Supplied information below:
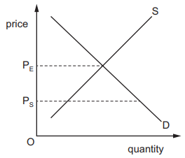 n the diagram, suppliers have set the price of a product at ${P_S}$. Economic theory predicts that the equilibrium price of the product will rise to ${P_E}$.
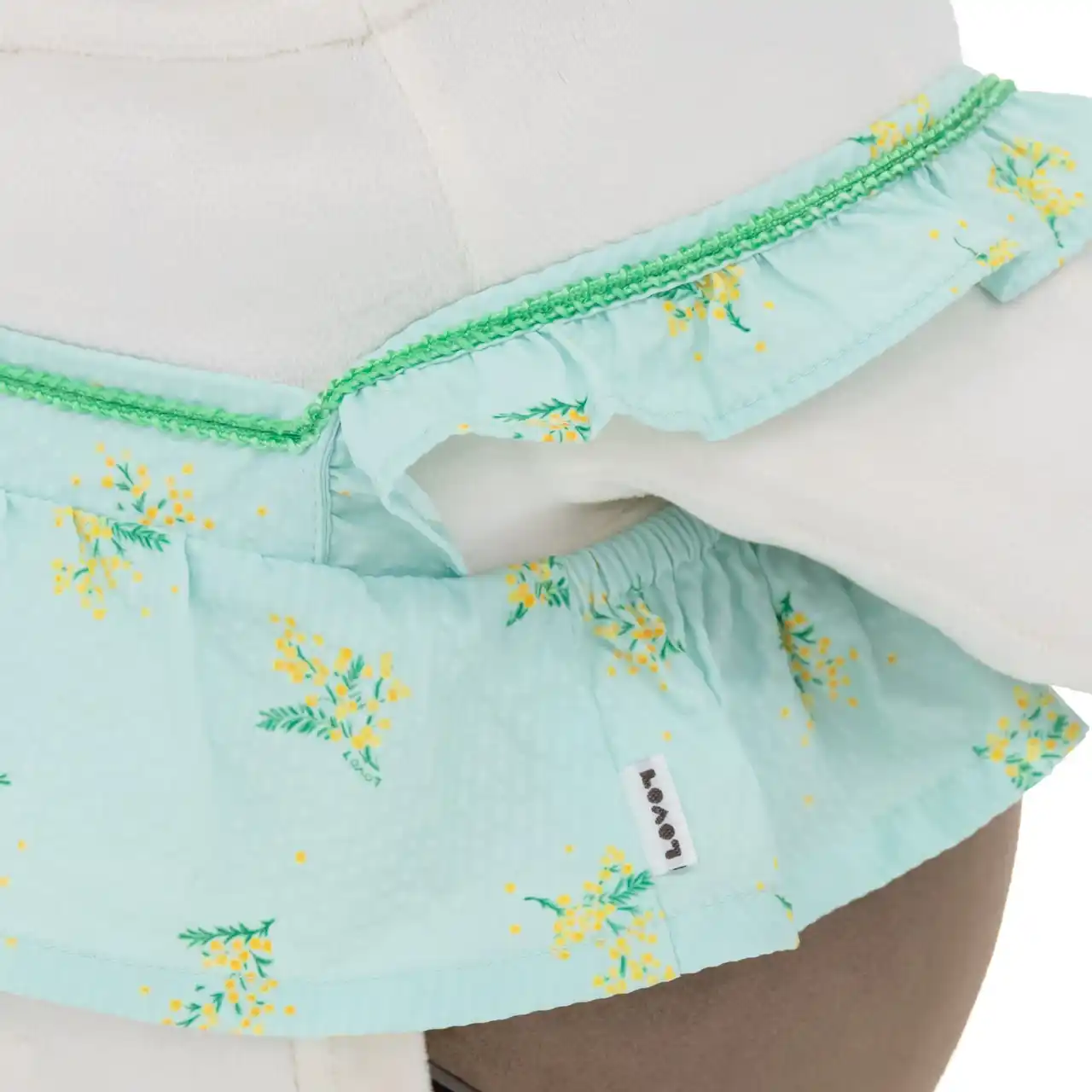 やさしいトーンのベロア生地に、美しく映えるミモザをプリントしました。 |
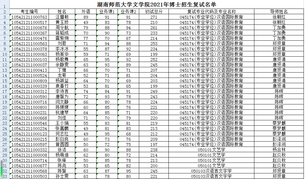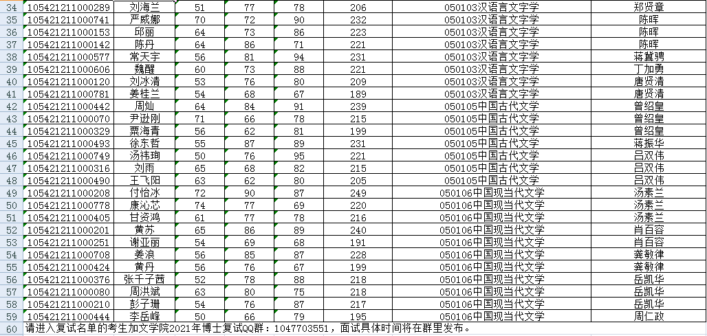 2021年攻读硕士学位研究生调剂复试结果(二)
End of Supplied information.
* [Your instructions]: Everything above except the pictures needs to be reproduced exactly.

* [Answer box]:
 n the diagram, suppliers have set the price of a product at ${P_S}$. Economic theory predicts that the equilibrium price of the product will rise to ${P_E}$.
 やさしいトーンのベロア生地に、美しく映えるミモザをプリントしました。 |
 2021年攻读硕士学位研究生调剂复试结果(二)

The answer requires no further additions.